--- DATA SECTION Enclosed Below ---
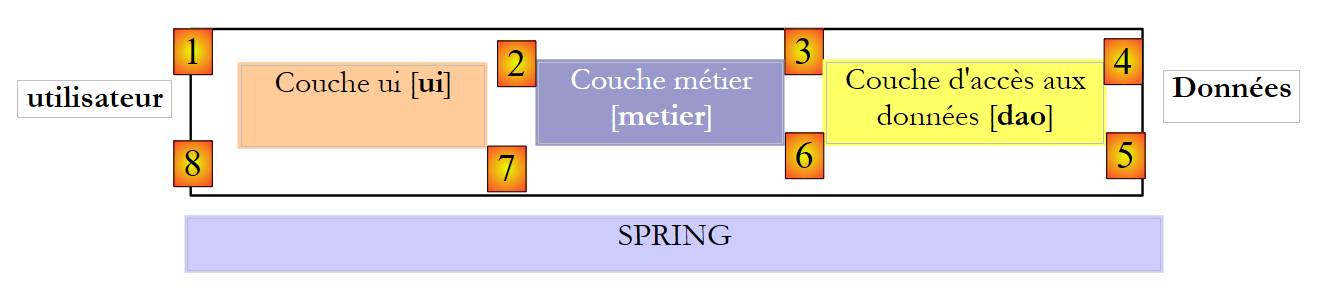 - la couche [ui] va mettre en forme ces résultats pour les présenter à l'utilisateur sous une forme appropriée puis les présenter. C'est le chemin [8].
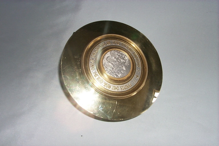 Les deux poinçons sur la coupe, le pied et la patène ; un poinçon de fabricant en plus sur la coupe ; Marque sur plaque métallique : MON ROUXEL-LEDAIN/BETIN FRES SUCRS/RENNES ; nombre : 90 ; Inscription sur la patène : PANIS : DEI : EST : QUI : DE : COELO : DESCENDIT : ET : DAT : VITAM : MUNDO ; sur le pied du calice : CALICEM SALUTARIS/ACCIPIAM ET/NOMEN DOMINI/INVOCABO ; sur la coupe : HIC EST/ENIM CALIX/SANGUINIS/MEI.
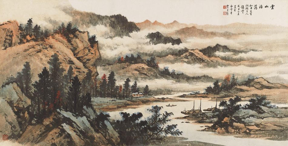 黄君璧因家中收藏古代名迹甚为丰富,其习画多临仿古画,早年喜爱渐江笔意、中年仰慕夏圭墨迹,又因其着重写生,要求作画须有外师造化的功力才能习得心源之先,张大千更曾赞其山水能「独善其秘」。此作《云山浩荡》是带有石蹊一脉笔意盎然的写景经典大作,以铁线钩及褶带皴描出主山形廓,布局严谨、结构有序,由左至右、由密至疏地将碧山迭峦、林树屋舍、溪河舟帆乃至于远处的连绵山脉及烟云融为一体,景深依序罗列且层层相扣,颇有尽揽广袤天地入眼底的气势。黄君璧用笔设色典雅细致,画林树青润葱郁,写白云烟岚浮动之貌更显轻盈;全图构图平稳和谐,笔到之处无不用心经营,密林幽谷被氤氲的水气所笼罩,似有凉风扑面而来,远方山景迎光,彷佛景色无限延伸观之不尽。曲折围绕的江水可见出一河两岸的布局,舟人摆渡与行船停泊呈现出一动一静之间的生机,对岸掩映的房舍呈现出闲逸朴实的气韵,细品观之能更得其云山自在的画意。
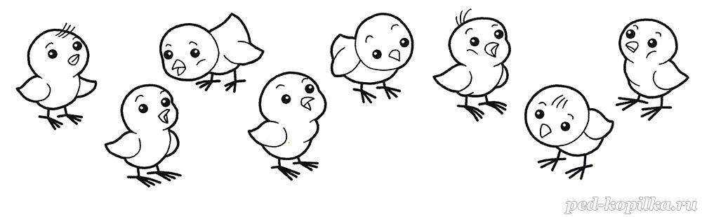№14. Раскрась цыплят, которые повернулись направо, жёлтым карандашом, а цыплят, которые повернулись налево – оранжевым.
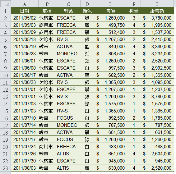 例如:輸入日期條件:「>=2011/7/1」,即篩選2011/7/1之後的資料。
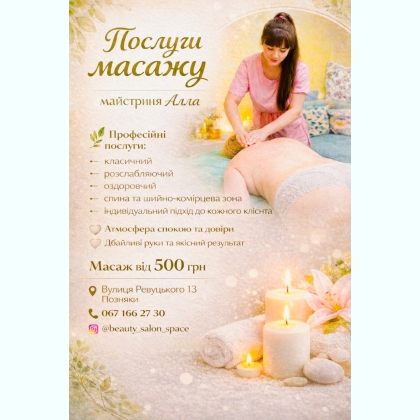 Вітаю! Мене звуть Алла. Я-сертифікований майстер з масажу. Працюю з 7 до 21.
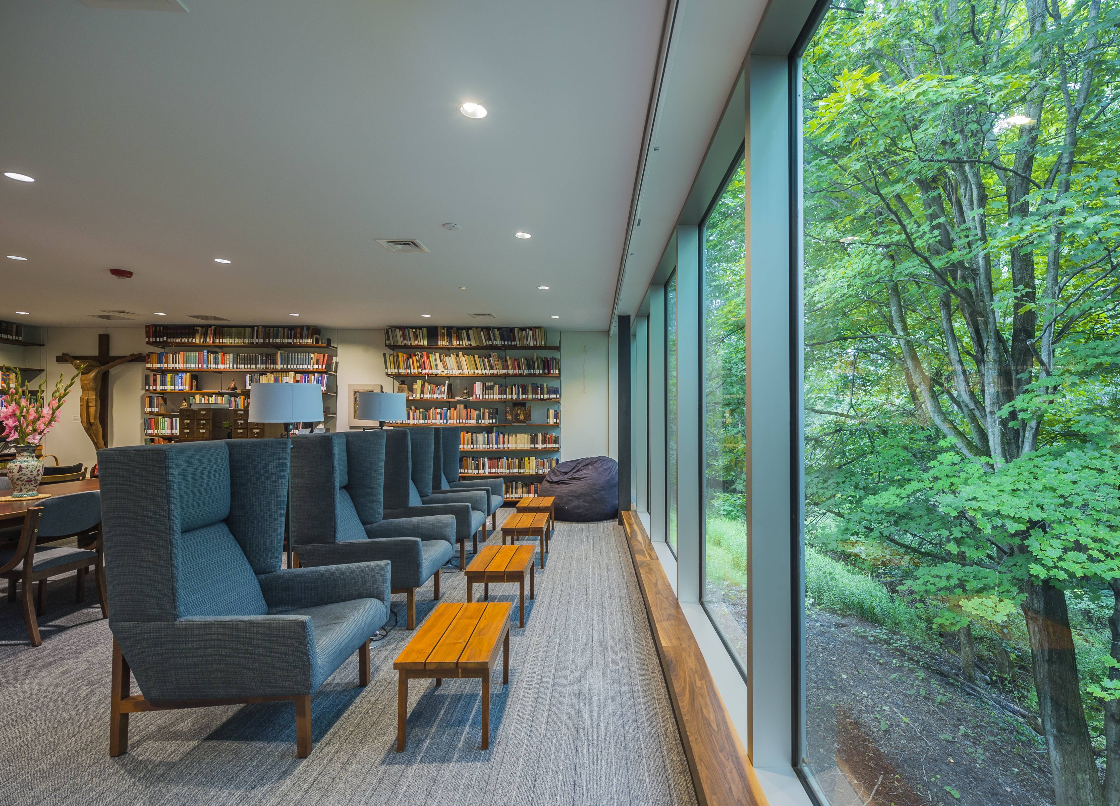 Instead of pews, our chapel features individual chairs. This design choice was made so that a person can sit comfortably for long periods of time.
--- End of Enclosed DATA SECTION ---
__ACTIVITY__.
The answer must be an exact copy of the records above, with the pictures left out.

__ANSWER BELOW__.
 - la couche [ui] va mettre en forme ces résultats pour les présenter à l'utilisateur sous une forme appropriée puis les présenter. C'est le chemin [8].
 Les deux poinçons sur la coupe, le pied et la patène ; un poinçon de fabricant en plus sur la coupe ; Marque sur plaque métallique : MON ROUXEL-LEDAIN/BETIN FRES SUCRS/RENNES ; nombre : 90 ; Inscription sur la patène : PANIS : DEI : EST : QUI : DE : COELO : DESCENDIT : ET : DAT : VITAM : MUNDO ; sur le pied du calice : CALICEM SALUTARIS/ACCIPIAM ET/NOMEN DOMINI/INVOCABO ; sur la coupe : HIC EST/ENIM CALIX/SANGUINIS/MEI.
 黄君璧因家中收藏古代名迹甚为丰富,其习画多临仿古画,早年喜爱渐江笔意、中年仰慕夏圭墨迹,又因其着重写生,要求作画须有外师造化的功力才能习得心源之先,张大千更曾赞其山水能「独善其秘」。此作《云山浩荡》是带有石蹊一脉笔意盎然的写景经典大作,以铁线钩及褶带皴描出主山形廓,布局严谨、结构有序,由左至右、由密至疏地将碧山迭峦、林树屋舍、溪河舟帆乃至于远处的连绵山脉及烟云融为一体,景深依序罗列且层层相扣,颇有尽揽广袤天地入眼底的气势。黄君璧用笔设色典雅细致,画林树青润葱郁,写白云烟岚浮动之貌更显轻盈;全图构图平稳和谐,笔到之处无不用心经营,密林幽谷被氤氲的水气所笼罩,似有凉风扑面而来,远方山景迎光,彷佛景色无限延伸观之不尽。曲折围绕的江水可见出一河两岸的布局,舟人摆渡与行船停泊呈现出一动一静之间的生机,对岸掩映的房舍呈现出闲逸朴实的气韵,细品观之能更得其云山自在的画意。
№14. Раскрась цыплят, которые повернулись направо, жёлтым карандашом, а цыплят, которые повернулись налево – оранжевым.
 例如:輸入日期條件:「>=2011/7/1」,即篩選2011/7/1之後的資料。
 Вітаю! Мене звуть Алла. Я-сертифікований майстер з масажу. Працюю з 7 до 21.
 Instead of pews, our chapel features individual chairs. This design choice was made so that a person can sit comfortably for long periods of time.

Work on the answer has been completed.